Due to the existence of nuclear partitions, the nuclear unit$\mathbf{w_i}$ The dimension of the kernel can be much smaller than the static convolution kernel$\mathbf{W}$ of the dimension. For example, when the$m=16$ nuclear unit$\mathbf{w_i}$ The number of convolutional parameters in a static convolutional kernel is just$\mathbf{W}$ (used form a nominal expression)1/16. At a predetermined budget of convolutional parameters$b$ Under, compared to the existing definition of linear mixing as$n$ (e.g.$n=4$ This makes it easy to set up larger warehouses for the "whole kernel" dynamic convolution method.$n$ values (e.g.$n=64$ ）。

Warehouse Construction-with-Sharing

The main idea behind the construction and sharing of the repository is to further improve the repository-based linear hybrid learning formulation by simply exploiting the parameter dependencies between neighboring convolutional layers, Fig.2demonstrates the process of nuclear partitioning and warehouse construction and sharing. Specifically, forConvNethomogeneous$l$ convolutional layers to build a shared repository by using the same kernel unit dimensions$\mathbf{E}=\{\mathbf{e}_1,...,\mathbf{e}_n\}$ Perform nuclear partitioning. This not only allows shared repositories to have larger$n$ values (e.g.$n=188$ ), with layer-specific repositories (e.g.$n=36$ ) compared to the ability to represent it can also be improved. As a result ofConvNetThe modular design mechanism (i.e., the ability to control the scaling of the overall dimensions of the stage through simple value settings) allows for simple scaling of the overall dimensions for all stages of the same phase.$l$ Individual static convolutional kernels use a common dimension divisor (similar to the notion of a convention number) as a uniform kernel unit dimension for kernel partitioning. Thus, the number of kernel units per convolutional layer at the same stage is naturally determined$m$ , and given the desired budget of convolutional parameters$b$ Shared Warehouse$n$ 。。

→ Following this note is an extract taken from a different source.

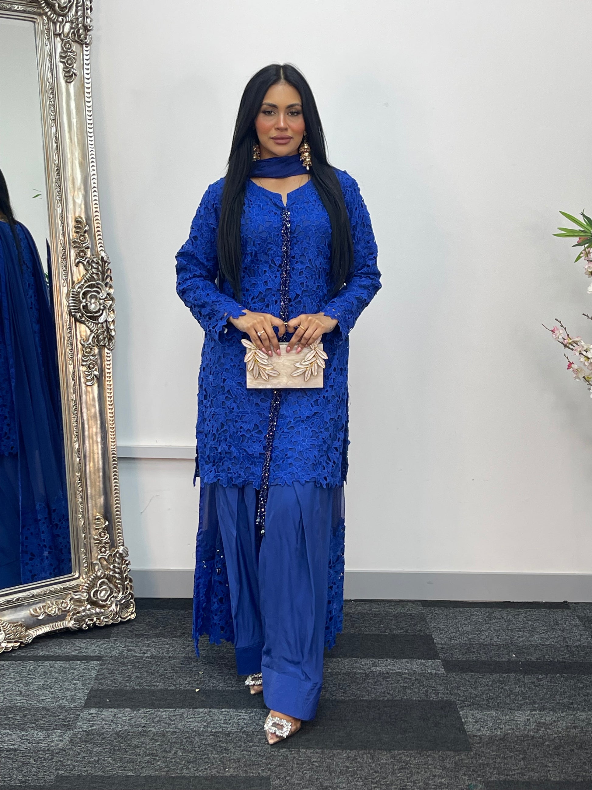 • Floor length long Chiffon dupatta with cutwork crochet pallu patch.
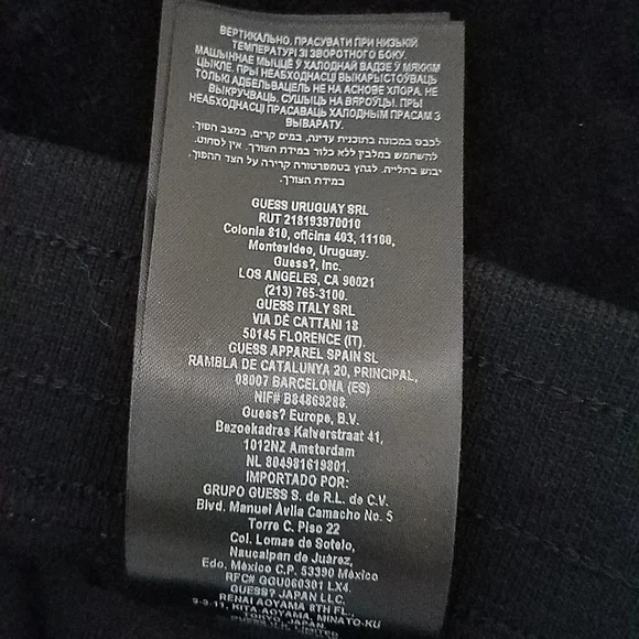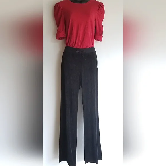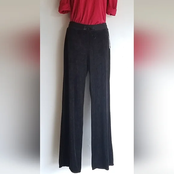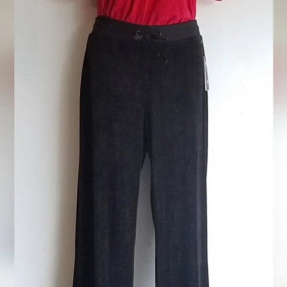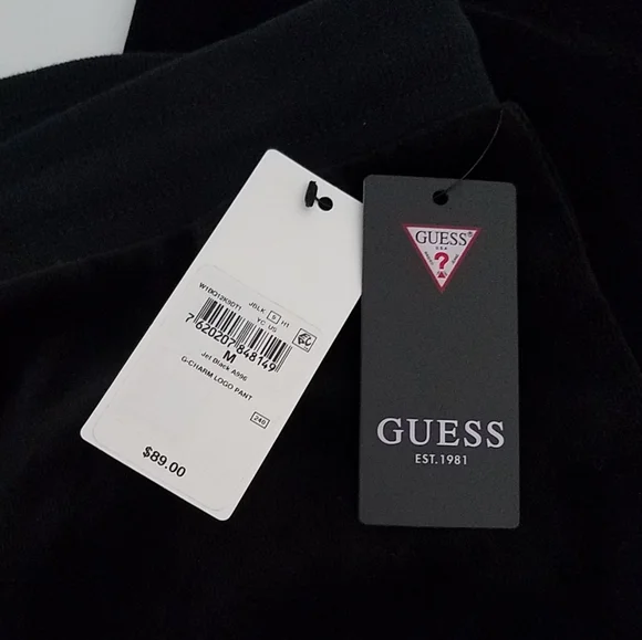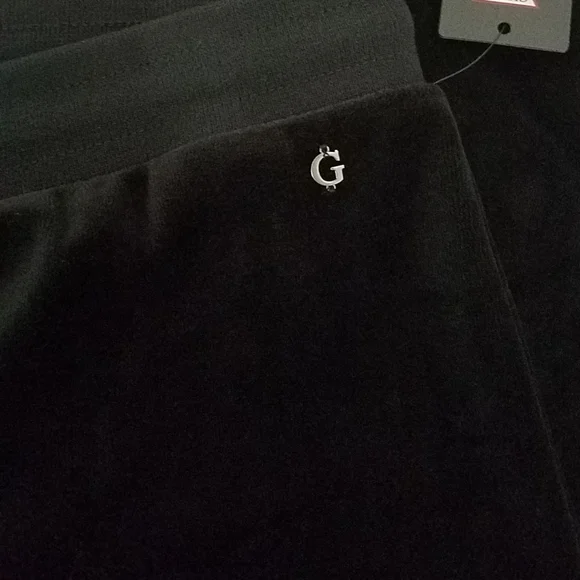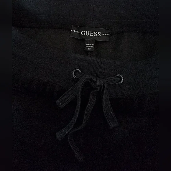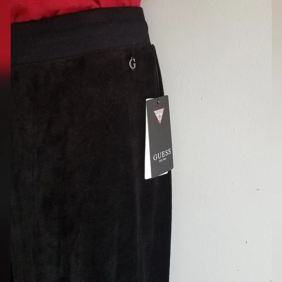A drawstring pant from Guess thatfeatures an easy laid back pull on finishenhanced with eye catching detail, adazzling logo charm at the front and soft lush material for a modern chic look. Size M. Color Black. "G" Charm on left front hip. Approx 1.75" wide elasticized waistband with drawstring. Cotton/Poly. Relaxed straight fit. Approx 33" Inseam. 10.25" front rise. Machine washable. New with tags.

Convolutional Parameter Budget

For normal dynamic convolution, relative to normal convolution, the budget of the convolution parameter$b$ always equal to the number of nuclei. i.e.$b==n$ and$n>=1$ . When setting a larger$n$ values, such as$n=188$ When the existing dynamic convolution methods obtain the$b=188$ lead toConvNetTrunk model size increases by about188times. And for theKernelWarehouse, these shortcomings are solved. Setting$m_{t}$ because ofConvNetfellow$l$ The total number of kernel units in a convolutional layer (when$l=1$ when$m_{t}=m$ ). Then, relative to the normal convolutionKernelWarehouseThe budget of the convolutional parameters can be defined as$b=n/m_{t}$ . In the implementation, use the same$b$ The value is applied to theConvNetof all convolutional layers such thatKernelWarehouseThis can be done by changing the$b$ values to easily adjustConvNetThe model size of the Compared to normal convolution: (1(coll.) fail (a student)$b<1$ whenKernelWarehousetends to reduce the model size; (2(coll.) fail (a student)$b=1$ whenKernelWarehousetend to obtain similar model sizes; (3(coll.) fail (a student)$b>1$ whenKernelWarehouseThe tendency is to increase the model size.

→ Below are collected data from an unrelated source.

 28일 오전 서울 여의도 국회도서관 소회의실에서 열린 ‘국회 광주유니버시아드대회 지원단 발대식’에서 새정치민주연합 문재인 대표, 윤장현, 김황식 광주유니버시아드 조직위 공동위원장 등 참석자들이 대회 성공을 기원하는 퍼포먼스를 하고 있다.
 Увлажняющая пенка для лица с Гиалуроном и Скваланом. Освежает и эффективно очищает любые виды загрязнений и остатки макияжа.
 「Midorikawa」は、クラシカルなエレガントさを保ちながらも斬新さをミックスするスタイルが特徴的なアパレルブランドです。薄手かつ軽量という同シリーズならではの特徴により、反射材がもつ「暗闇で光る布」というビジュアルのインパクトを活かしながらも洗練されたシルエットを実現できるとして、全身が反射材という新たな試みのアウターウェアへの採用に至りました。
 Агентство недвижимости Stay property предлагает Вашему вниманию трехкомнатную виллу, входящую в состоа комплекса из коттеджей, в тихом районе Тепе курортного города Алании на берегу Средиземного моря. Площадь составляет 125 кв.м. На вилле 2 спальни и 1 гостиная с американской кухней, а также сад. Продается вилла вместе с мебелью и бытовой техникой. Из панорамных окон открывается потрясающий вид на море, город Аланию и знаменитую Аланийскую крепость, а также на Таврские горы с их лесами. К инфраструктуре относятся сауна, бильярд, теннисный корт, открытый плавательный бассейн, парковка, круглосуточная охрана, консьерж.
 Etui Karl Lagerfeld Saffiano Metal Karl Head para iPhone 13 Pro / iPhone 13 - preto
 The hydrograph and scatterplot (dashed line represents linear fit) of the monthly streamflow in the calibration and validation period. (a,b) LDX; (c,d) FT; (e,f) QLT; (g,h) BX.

Parameter Efficiency and Representation Power

Interestingly, by simply changing the$m_{t}$ (controlled by nuclear partitioning and repository building and sharing) can be obtained with appropriate and larger$n$ values to meet the required parameter budget$b$ behaviorKernelWarehouseProvide representation capability guarantees. Because of this flexibility, theKernelWarehouseA favorable trade-off between parameter efficiency and representation capability can be achieved with different budgets for the convolutional parameters.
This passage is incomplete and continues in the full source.